Exercise aim →
The answer is all of the data repeated exactly, with each picture omitted.

Recorded data →
________

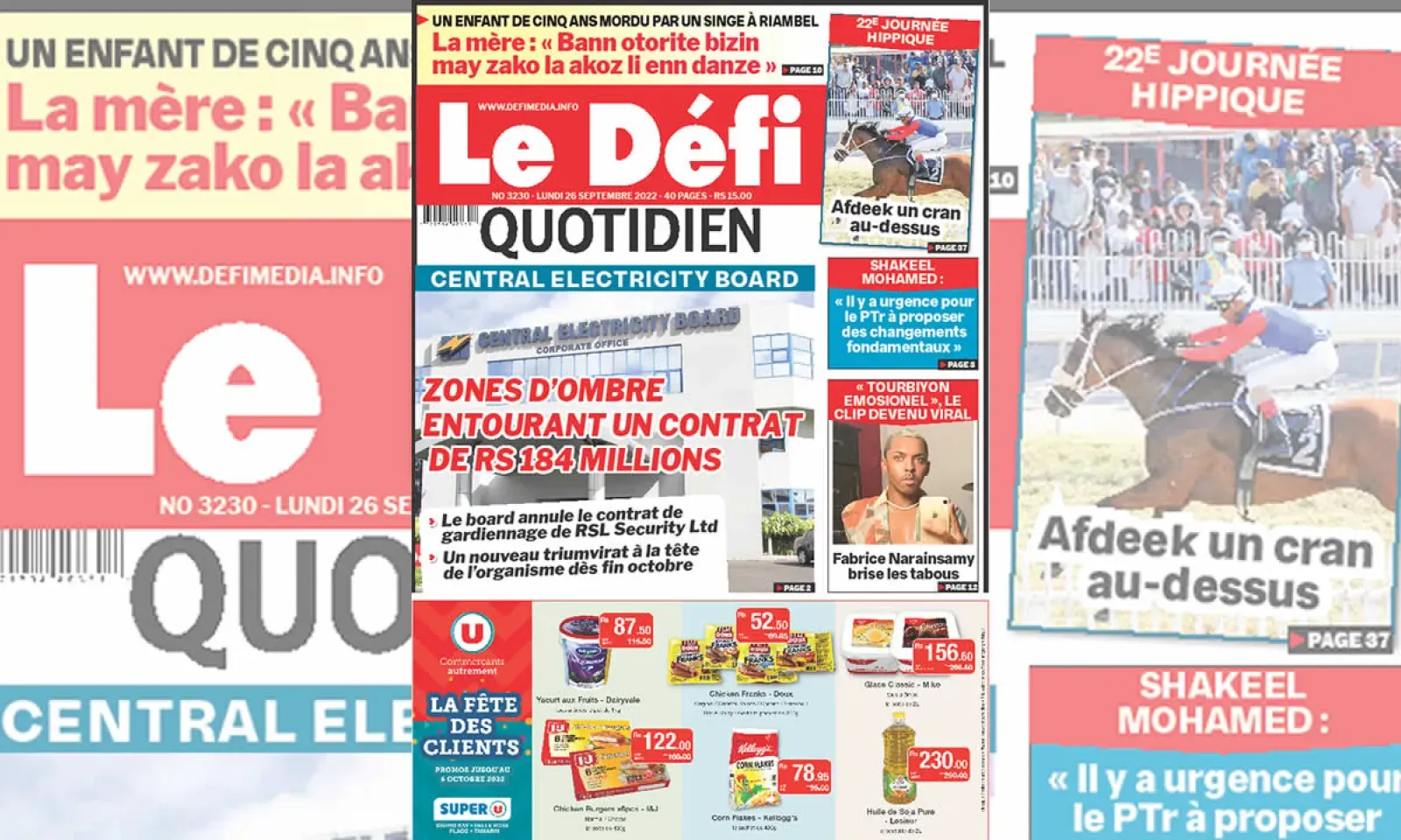 Voici la une du Défi Quotidien de ce lundi 26 Septembre 2022
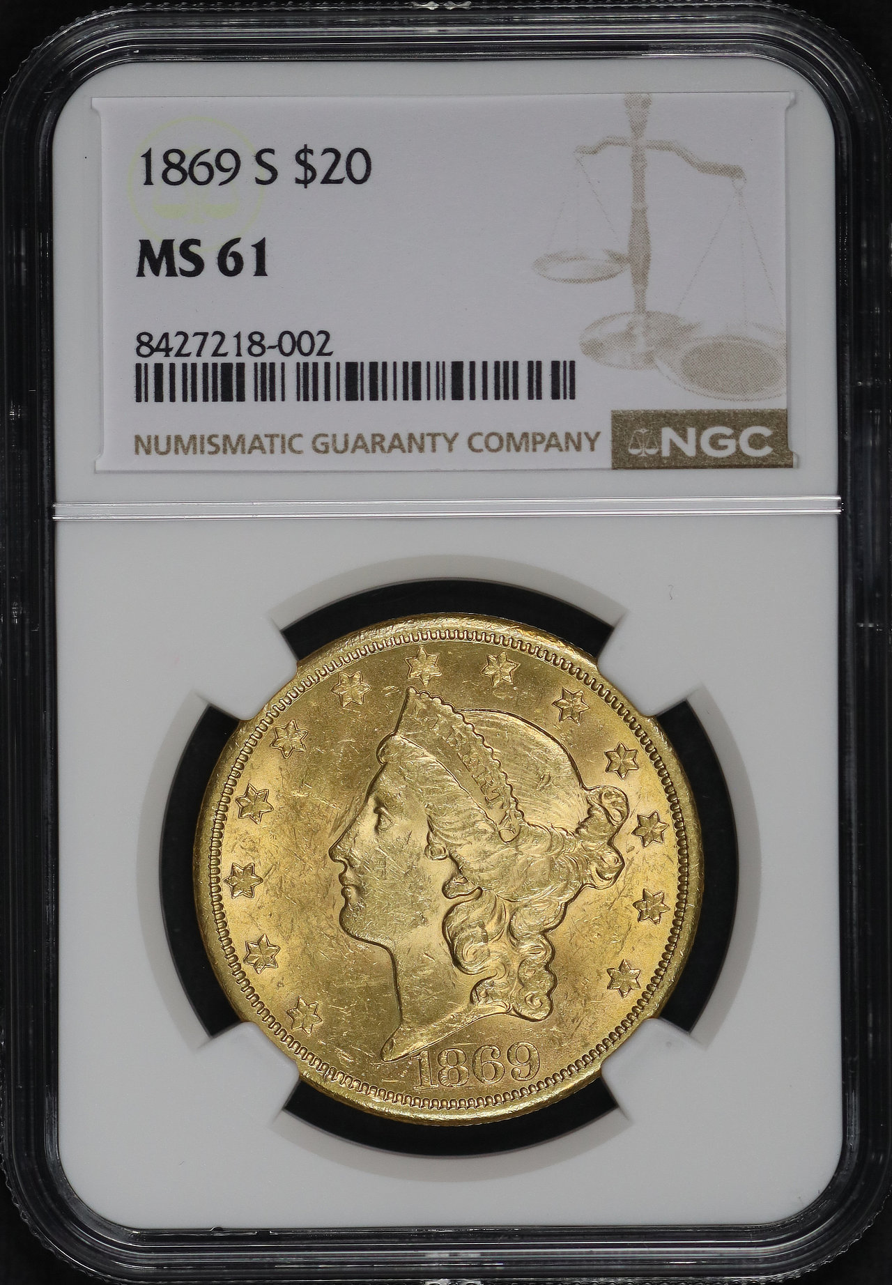1869-S Liberty Head $20 NGC MS-61.
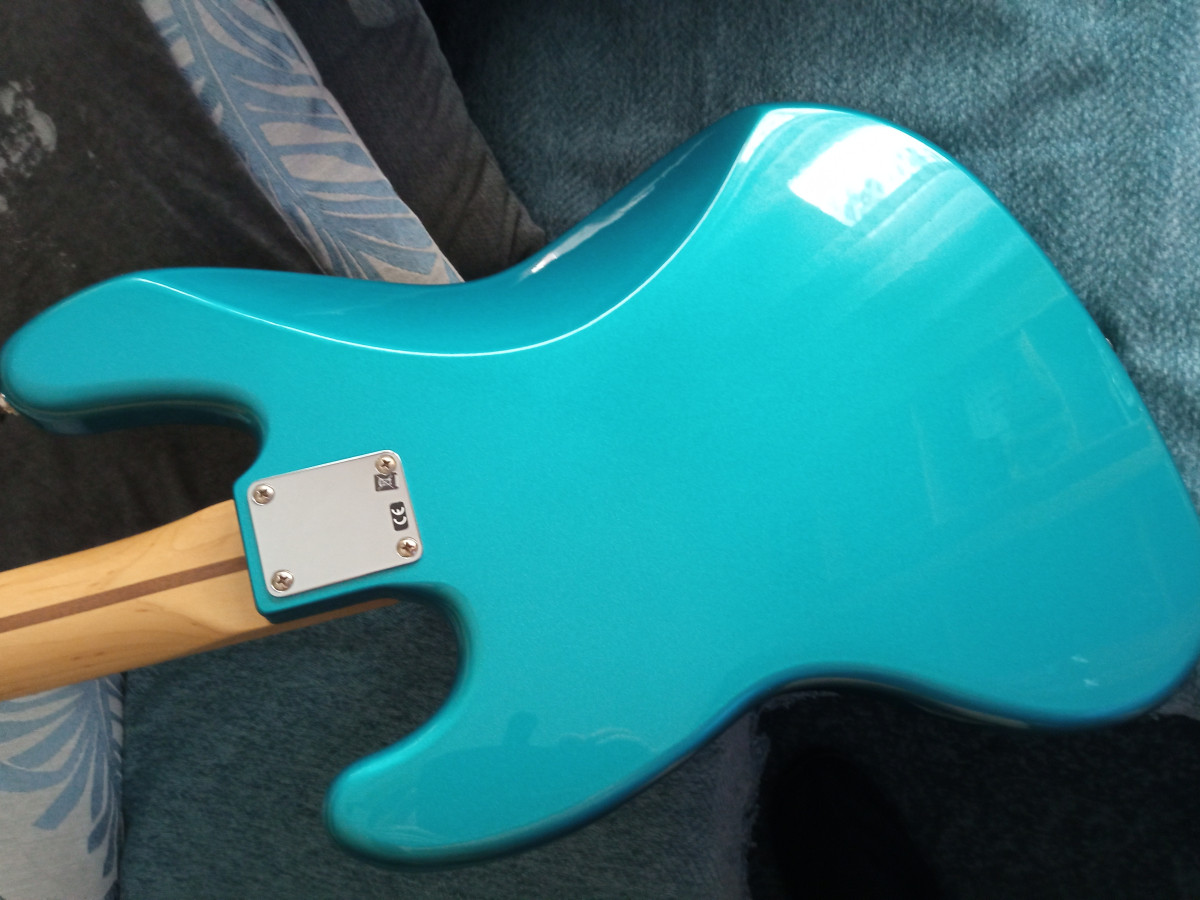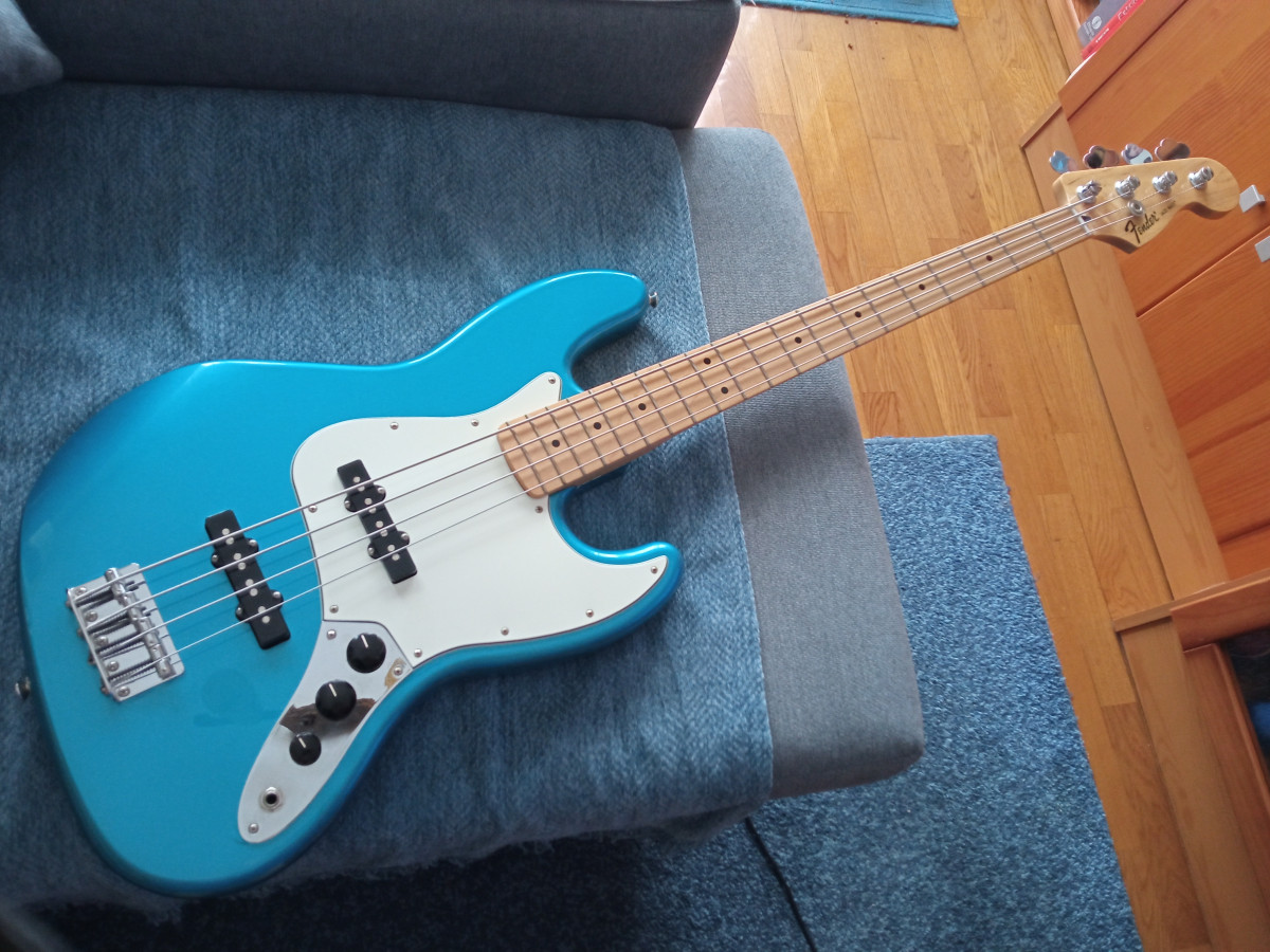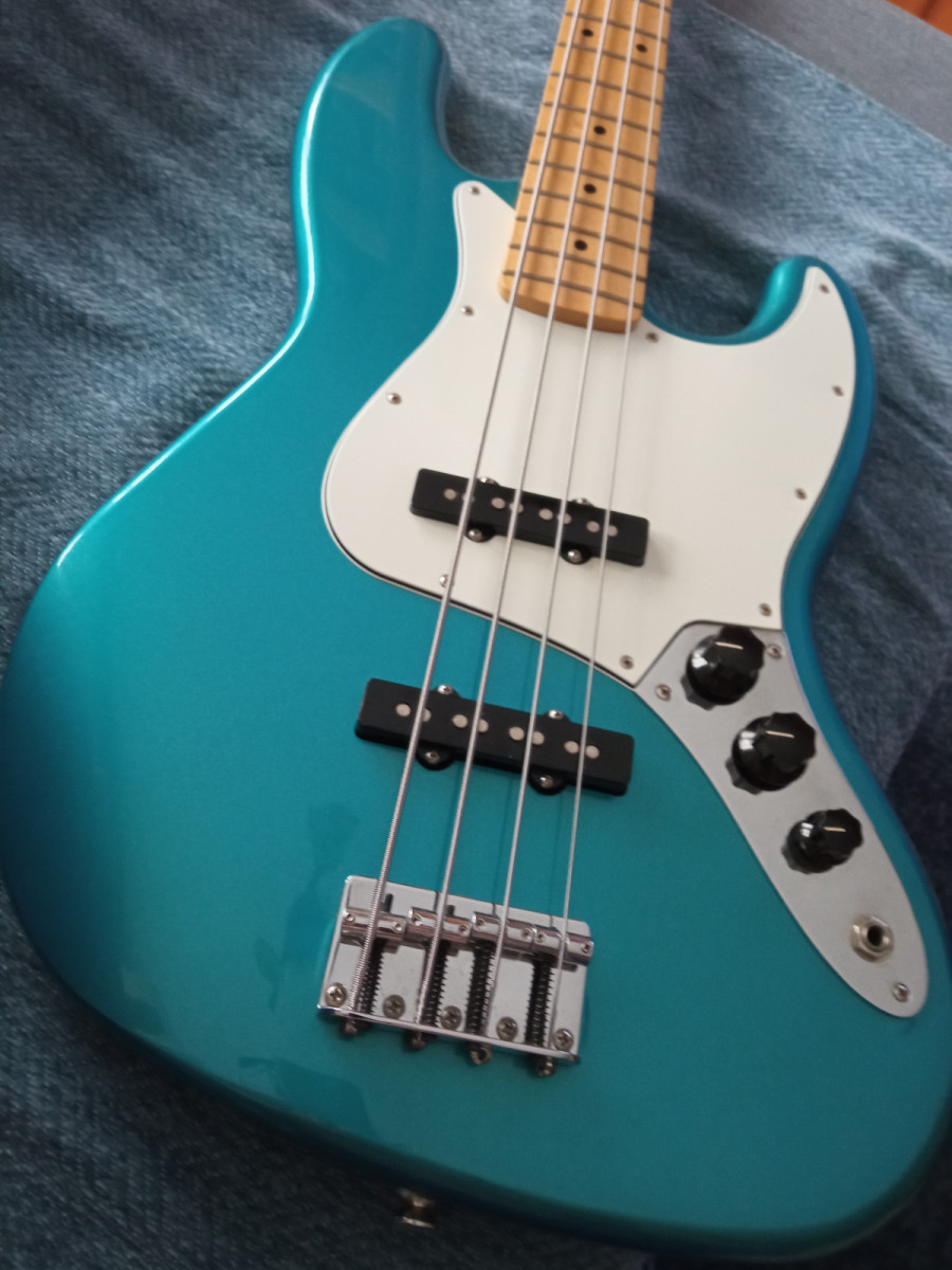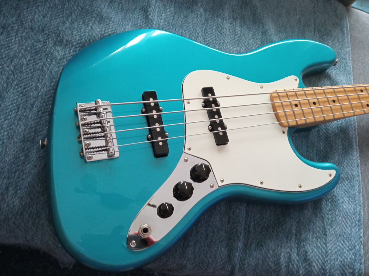 Vendo bajo Fender Jazz Bass, hecho en México en 2017, color Lake Placid Blue. Perfecto estado, sin marcas ni golpes.

________

Exercise solution →
 Voici la une du Défi Quotidien de ce lundi 26 Septembre 2022
1869-S Liberty Head $20 NGC MS-61.
 Vendo bajo Fender Jazz Bass, hecho en México en 2017, color Lake Placid Blue. Perfecto estado, sin marcas ni golpes.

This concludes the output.